Dalla frutta ai legumi, 9 consigli salvacuore dai cardiologi Usa
Nelle nuove lineeguida alimentari no a cibi industriali, sì a piatti semplici
Dall'apporto calorico adeguato ai propri ritmi al consumo di frutta, verdura, legumi e altre proteine sane: mangiare sano fa bene al cuore, come indicano le linee guida della Società Americana di Cardiologia pubblicate sulla rivista Circulation e sintetizzate in 9 consigli salvacuore legati all'alimentazione. Il primo consiglio invita a regolare l'apporto e il dispendio energetico per raggiungere e mantenere un peso corporeo sano, cercando di bilanciare la quantità di cibo con l'attività fisica. I cardiologi americani raccomandano inoltre di preiligere il consumo di una grande quantità e varietà di frutta e verdura, includendo prodotti di diversi colori. Ammessi anche prodotti in scatola e surgelati. C'è anche l'invito a preferire i cereali integrali a quelli raffinati. Pane e riso integrali e fiocchi d'avena sono indicati come le scelte migliori. Meglio preferire fonti proteiche sane, preferendo i legumi alla carne. Sì anche a frutta secca e semi e al consumo regolare di pesce e frutti di mare; latticini a basso contenuto di grassi o magri. Se si desidera la carne rossa, è meglio scegliere tagli magri ed è preferibile evitare prodotti industriali come wurstel, hamburger, salsicce, sempre limitando le porzioni. Quanto ai grassi, vanno preferiti l'olio extravergine e quelli di noci, semi, avocado. No netto al cibo industriale dai cardiologi Usa, che invitano a optare per alimenti il più possibile vicini al loro stato naturale, con un minimo di ingredienti commerciali aggiunti, piuttosto che per quelli industriali, ricchi di additivi come merendine, piatti pronti, pizza surgelata.
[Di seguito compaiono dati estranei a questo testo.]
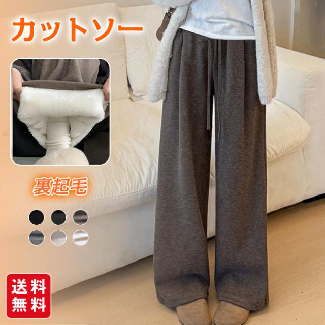 ★裏起毛 ワイドパンツ 裏ボア パンツ レディース ボトムス 動きやすい 体型カバー ゆったり 脚長効果 ハイウエスト ゴムウエスト 暖かい 冬 防寒★

E' inoltre preferiile ridurre al minimo gli zuccheri aggiunti in bevande e alimenti, limitando bibite e cibi zuccherati come snack, yogurt aromatizzati, cereali pronti per la colazione. Meglio scegliere alimenti a basso contenuto di sodio, cucinando con poco o senza sale e facendo attenzione alle fonti nascoste di sodio negli alimenti confezionati e preparati industrialmente. Meglio insaporite i piatti con alternative più sane come erbe aromatiche, spezie o limone al posto del sale. Indine è bene limitare gli alcolici perché l'alcol aumenta il rischio di ipertensione e di altre patologie. "Queste linee guida si applicano ovunque si mangi e sin da piccoli a casa, a scuola, al lavoro, al ristorante. L'obiettivo è il progresso, non la perfezione", osserva una delle autrici delle linee guida, Alice Lichtenstein della Tufts University a Boston.